2023.03.18-2023.05.14

Layered Surface

Artists: Yi Xin Tong, Leo Arnold, Yu Xiao, Wang Xiaofu

Vanguard Gallery is pleased to present a selection of works by Yi Xin TONG, Leo ARNOLD, YU Xiao, and WANG Xiaofu. Titled “Layered Surface”, the exhibition brings together pieces which take the two-dimensional surface as a starting point to explore new alternatives for artistic practices. Beyond the different sociocultural contexts and art trajectories the exhibited artists are in, what coheres their practices is the desire to broaden the conventions with their own approaches and perspectives. The exhibition will be on view at Vanguard Gallery from March 18th through May 14th, 2023.

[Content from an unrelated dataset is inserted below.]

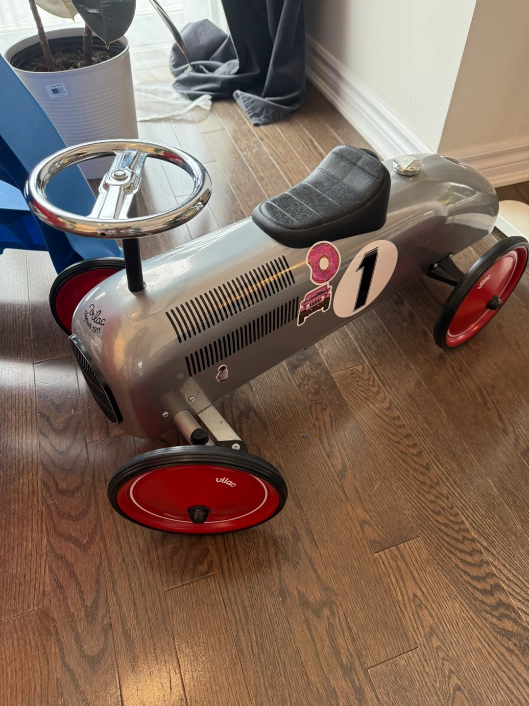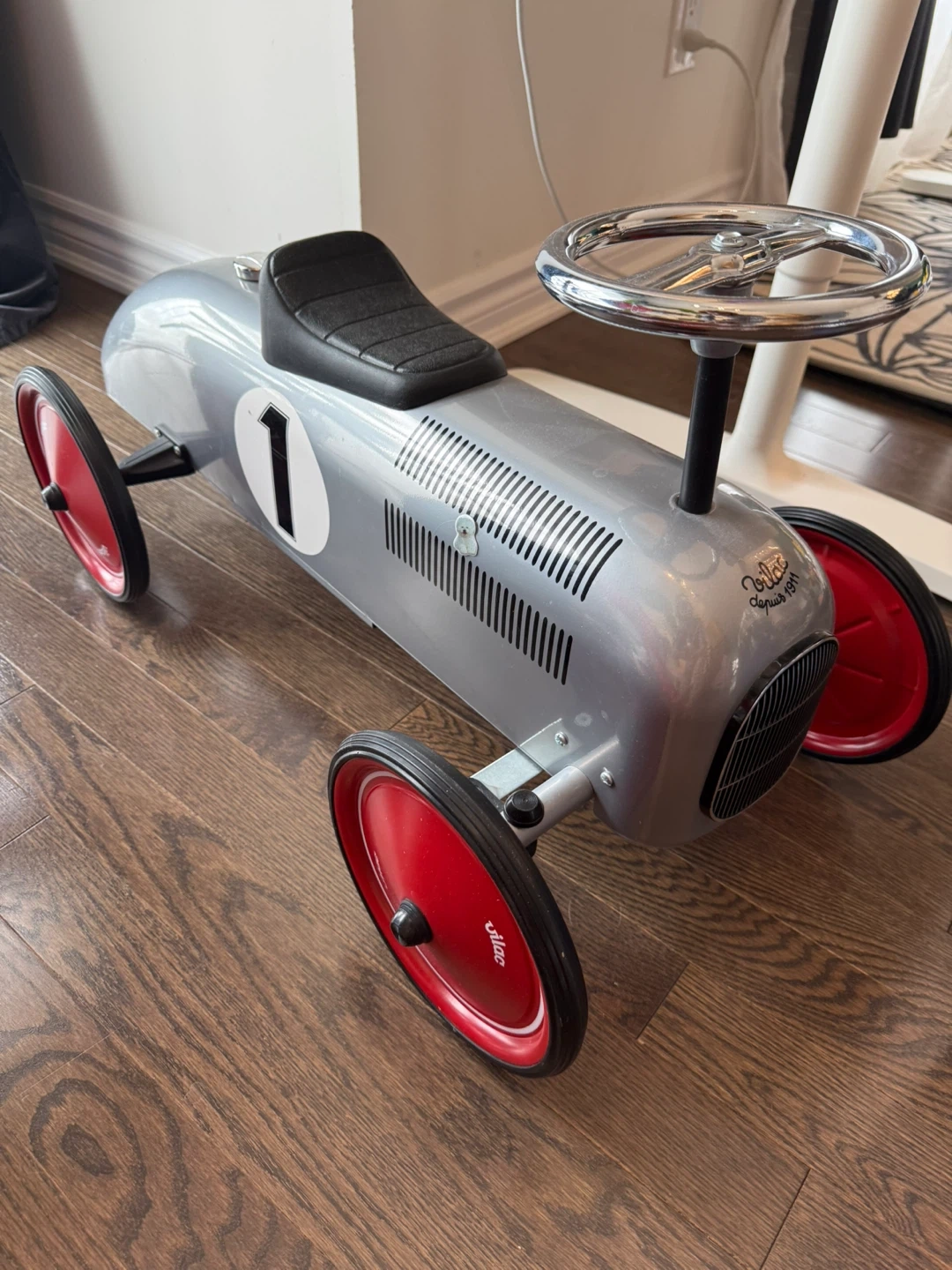 This Vilac ride-on toy car is designed like a classic race car. It features a silver body with red wheels and a black seat. It's a fun toy for little ones to cruise around in!

A flaneur of modern days, Yi Xin TONG collects fragments of daily life and transforms them into poem. The tapestry work on view, “Animalistic Punk – Bones” (2019), is a collage of allegories and ecological studies, in which myriads of human relics, science histories, mythologies, and landscapes construct fictional spaces with a sense of confusion of time coordinates. With its intricate and ornate patterns, this piece of tapestry is conceived as a two-dimensional installation, which embodies the artist’s conceptual experiment on the acquisition, classification, extraction and use of human knowledge.

For Leo ARNOLD, painting is an instrument to reflect on the artist’s own image and his surroundings. During the process of painting, he constantly returns to the same piece of work and deposits moods and emotions that have been accumulated over time. Drawing inspirations from reality, Arnold works in a receptive and open manner, responding to the very nature of painting. His paintings are not premeditated therefore offering the viewer a record of a discovery. In this sense, unforeseen moments, accidents, and mistakes have become essential to his most recent body of work. By revisiting his canvases, Arnold makes alterations and allows spontaneousness in the picture plane, making peace with qualities such as anxiety, regret and uncertainty.

YU Xiao’s practice subverts the idea of seen and unseen in the making of paintings. By center- staging the area of potential vulnerability or nothingness, Yu Xiao aims to elucidate the back or underside of the paintings, the leftover, the frame, or otherwise neglected, and to uncover the underlying structure of painting, divulging the complex materials and techniques applied in her oeuvre whilst highlighting the physical dimension of the painted surface. The works’ appearance merges the hybrid abstraction of gesture and geometrical imagery as well as sculptural exterior. They are the result of painting, printing, physical manipulations. Yu Xiao re-examines aesthetics and deconstruction as methods while aligning with new technologies to offer an alternative route to the tradition of painting.

The painted surfaces created by WANG Xiaofu offer an atmosphere that is on the brink of becoming abstract, where recognizable elements appear as guideposts that draw the viewer into a realm of dreams. One traverses the canvas with a sense of dizziness, oscillating between the actuality of the forms and their illusory nature that toys with perception. The act of painting enables Wang the opportunity to reflect on the intersection between existence and perception, in common with the overlaps, reflections, and opacities that often occur between the two. The foci on “forest” and “theater” have been the kernel of her latest practice, based on which she depicts the distortion of life-forms and environments through the lens of time, blurred and morphed beyond recognition.